PAMPLONA, 24 de septiembre. En una reciente reunión del Parlamento de Navarra, se han puesto de manifiesto las disensiones entre los distintos grupos políticos respecto al desarrollo de la comisión de investigación sobre las concesiones realizadas por el Gobierno foral en los últimos mandatos, comenzando por las obras de Belate. Esta situación ha generado un "debate complejo", según ha comentado Irati Jiménez, presidenta de la comisión.
Durante el encuentro celebrado este miércoles, se decidió que las comparecencias se llevarán a cabo dos veces por semana con una duración de 60 minutos para cada grupo político. No obstante, algunos partidos abogaban por aumentar la frecuencia a tres sesiones semanales y reducir los tiempos a 30 minutos, con la finalidad de concluir la investigación en un periodo “razonable”.
Javier Esparza, portavoz de UPN, expresó su conformidad con que la primera comparecencia abordara el asunto de Belate, pero lamentó que se inicie con Santos Cerdán, exsecretario de Organización del PSOE, quien comparecerá en la posición 24. Esparza subrayó que la creación de la comisión se debe al 'caso Cerdán', implicado en una situación delicada, y admitió que no cuentan con la mayoría suficiente para cambiar el rumbo de la investigación.
El portavoz de UPN también cuestionó el formato de 60 minutos por grupo, argumentando que lo ideal sería prescindir de limitaciones temporales. Según su juicio, las anteriores comisiones de investigación en el Parlamento se llevaron a cabo sin restricciones de tiempo, lo cual considera más efectivo para abordar la magnitud del asunto que se está tratando.
Por su parte, Javier Lecumberri del PSN hizo hincapié en las principales discrepancias en torno al orden de las comparecencias y al número de sesiones por semana. Defendió un orden lógico que priorizara a las empresas y personas involucradas en las adjudicaciones, asegurando que este enfoque era fundamental para la eficacia del trabajo de la comisión.
No obstante, la propuesta aprobada no se alineó con su planteamiento, que consideró más racional, y se vio frustrado por la votación que resultó en el orden actual. Lecumberri también calificó de excesivo el tiempo que se extendería la comisión si se celebraran solo dos sesiones por semana.
Desde EH Bildu, Adolfo Araiz sugirió que existe una tendencia entre los partidos de la derecha para dilatar los plazos de la comisión. Hizo énfasis en que el reglamento parlamentario otorga prioridad a los trabajos de una comisión de investigación sobre otras actividades de la Cámara, incluyendo la elaboración de presupuestos.

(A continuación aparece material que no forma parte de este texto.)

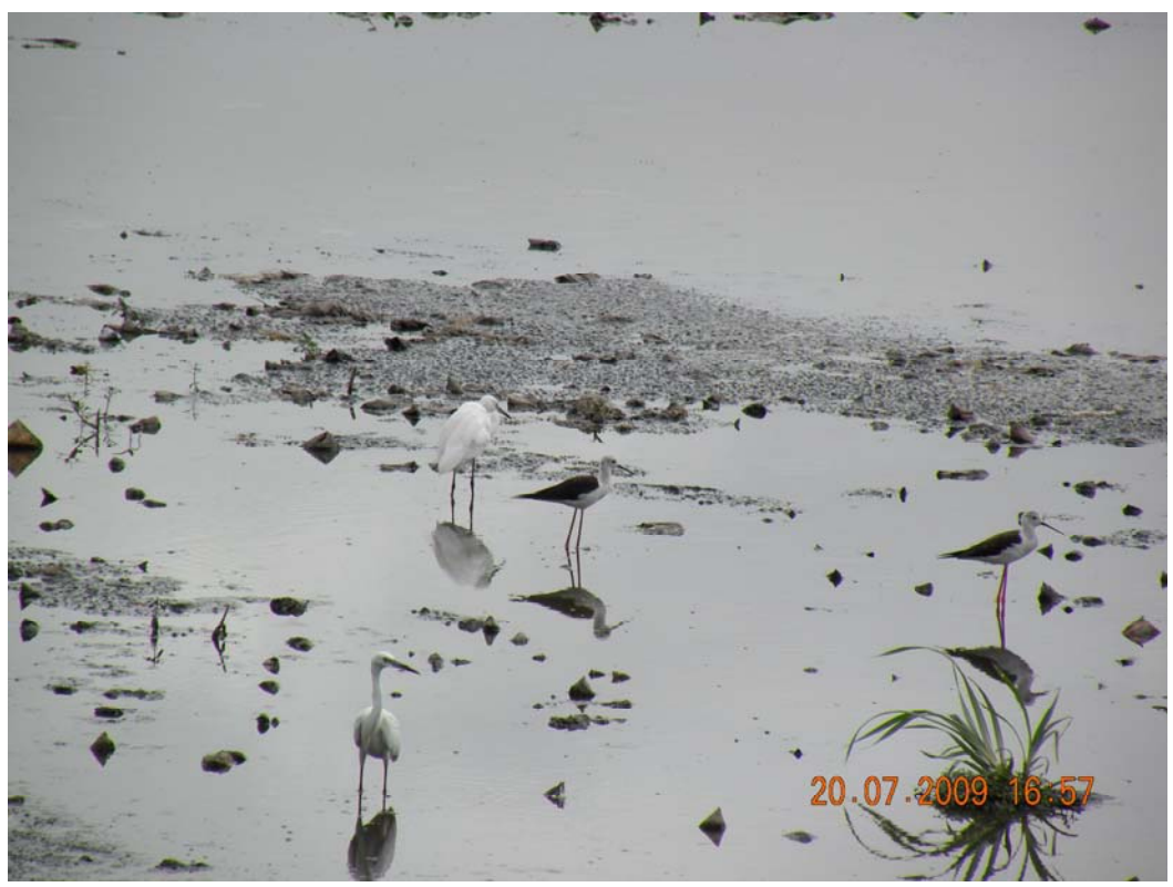
I like my friends though they are black, have pink and are only partly white; so unlike me, but my beak agrees and equates!

Araiz propuso que el orden de comparecencias debería ser cronológico, comenzando por Geoalcali y finalizando en Belate.
Araiz también criticó a UPN por lo que consideró una visión desmedida de la comisión, insistiendo en que no debería transformarse en un "interrogatorio judicial”. A su juicio, la postura de los regionalistas es contradictoria, ya que por un lado, agradecen los informes de la Oficina Anticorrupción de Navarra, pero por otro, los acusan de ocultar información.
Pablo Azcona de Geroa Bai se mostró complacido con la aprobación del orden de comparecencias, que incluye un pequeño ajuste respecto a la aparición de Santos Cerdán, enfatizando el rigor de su planteamiento. Aseguró que era crítico comenzar por las adjudicaciones de Belate para abordar las actuales dudas sobre la gestión del Gobierno.
Desde el PPN, Javier García criticó la omisión de comparecencias de personajes relevantes como María Chivite y Uxue Barkos, a quienes consideró esenciales para el esclarecimiento del tema. Enfatizó que para él la comisión parece estar más enfocada en ocultar que en desvelar la verdad, sugiriendo que se pretende evitar una rendición de cuentas frente a la ciudadanía.
Por otro lado, Miguel Garrido de Contigo-Zurekin expresó su descontento con las conclusiones de la sesión, señalando que el orden de comparecencias privilegia a ciertos actores sobre otros. Indicó que su intención era lograr resultados más pronto, pero se alarmó al observar que la mayoría de la coalición había optado por extender el proceso.
Finalmente, Emilio Jiménez de Vox describió la comisión como "viciada" y un teatro que busca encubrir actitudes corruptas. Criticó que se base en legislaturas pasadas y sentenció que podría servir para limpiar la imagen de Bildu, algo que considera inaceptable. Su conclusión fue que la comisión debería enfocarse en arrojar luz sobre los asuntos actuales de corrupción.